→ **Records shown**:
== Segment start ==

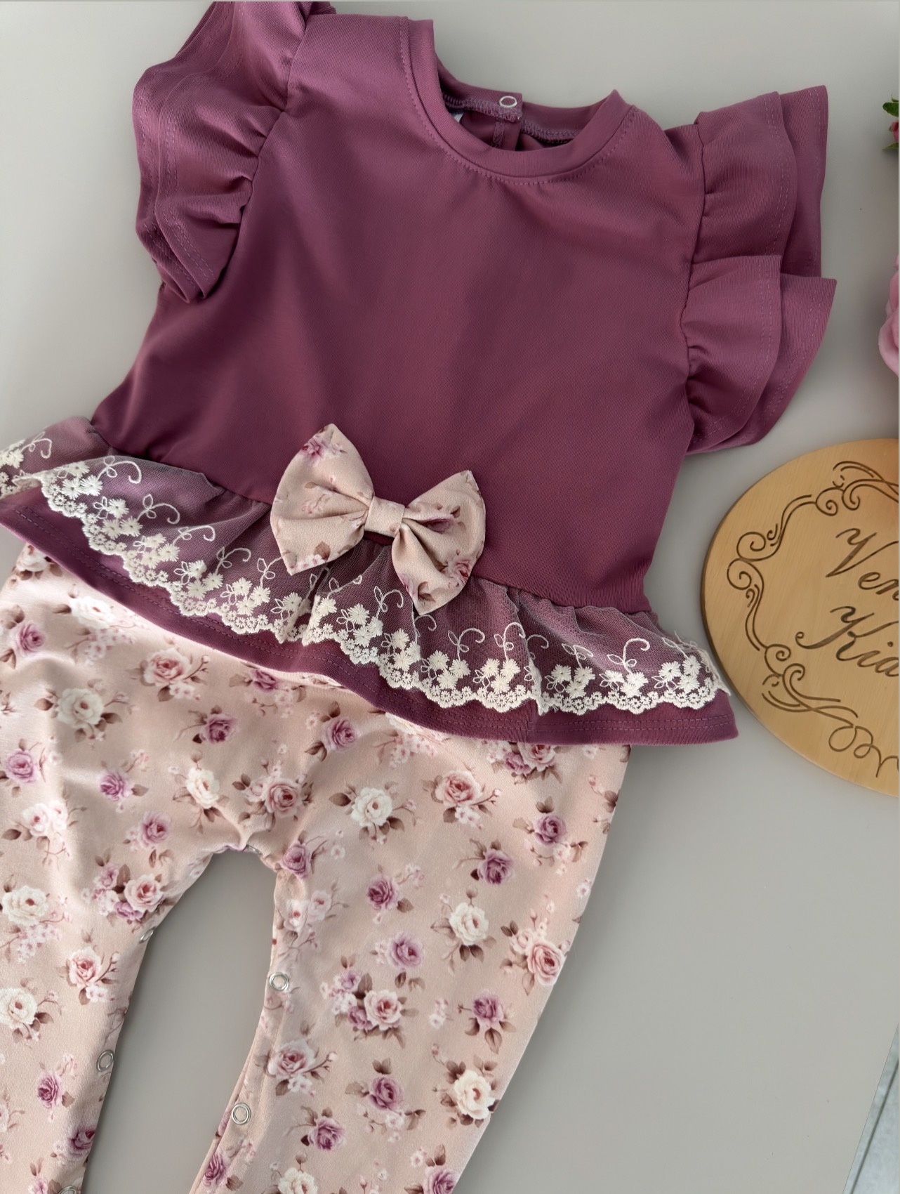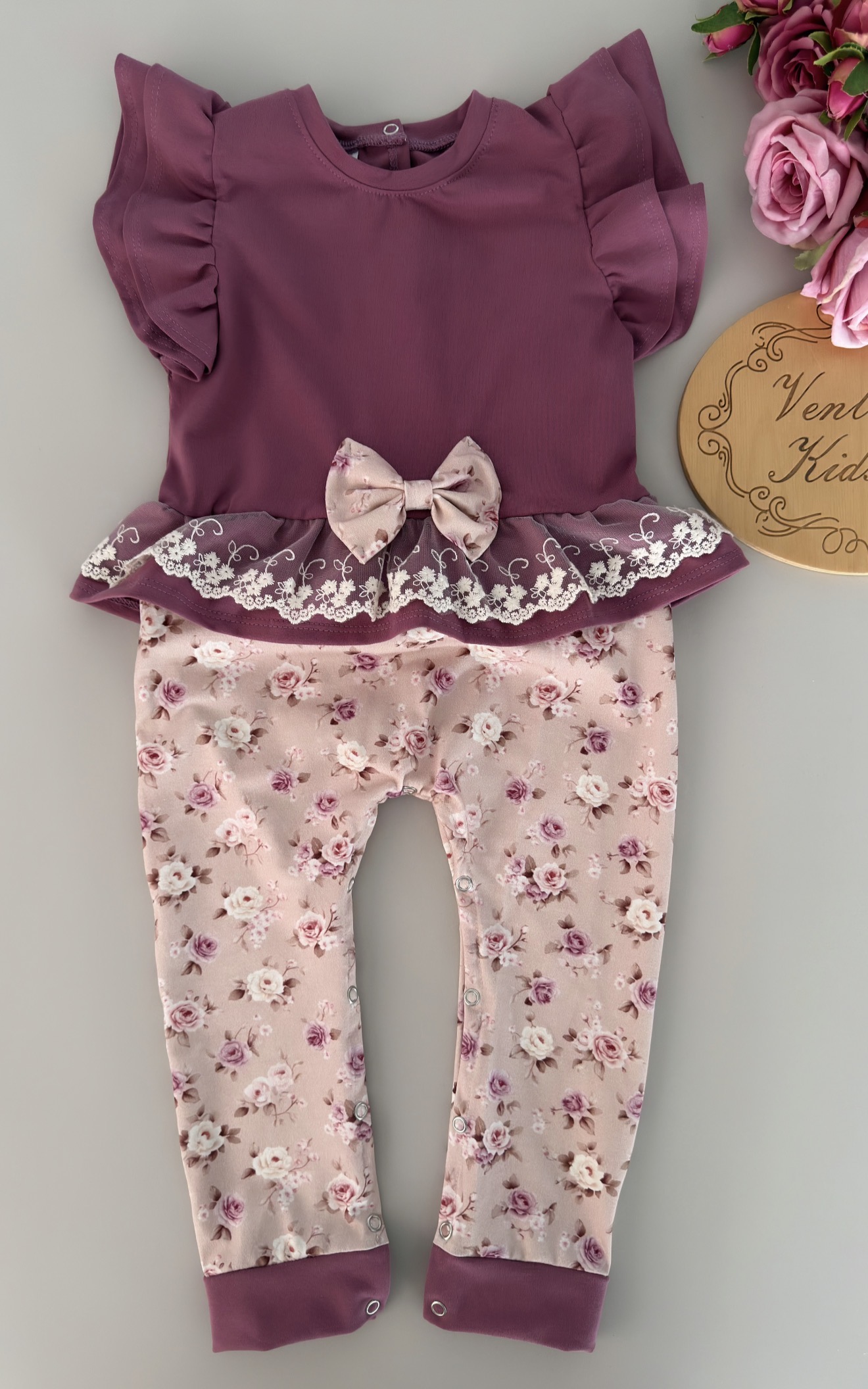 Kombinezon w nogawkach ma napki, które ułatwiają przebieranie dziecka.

== Segment end ==
== Segment start ==

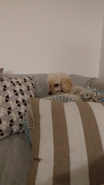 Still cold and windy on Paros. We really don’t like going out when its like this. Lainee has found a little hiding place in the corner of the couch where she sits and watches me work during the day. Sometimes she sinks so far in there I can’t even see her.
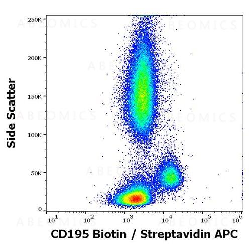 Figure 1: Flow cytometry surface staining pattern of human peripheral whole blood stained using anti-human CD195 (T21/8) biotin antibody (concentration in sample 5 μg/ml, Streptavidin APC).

== Segment end ==

→ **Your goal**: Copy only this from above: the line containing "Still cold and", the line containing "Figure 1: Flow", and all lines between, printed exactly. Leave out the pictures.

→ **Reply**:
 Still cold and windy on Paros. We really don’t like going out when its like this. Lainee has found a little hiding place in the corner of the couch where she sits and watches me work during the day. Sometimes she sinks so far in there I can’t even see her.
 Figure 1: Flow cytometry surface staining pattern of human peripheral whole blood stained using anti-human CD195 (T21/8) biotin antibody (concentration in sample 5 μg/ml, Streptavidin APC).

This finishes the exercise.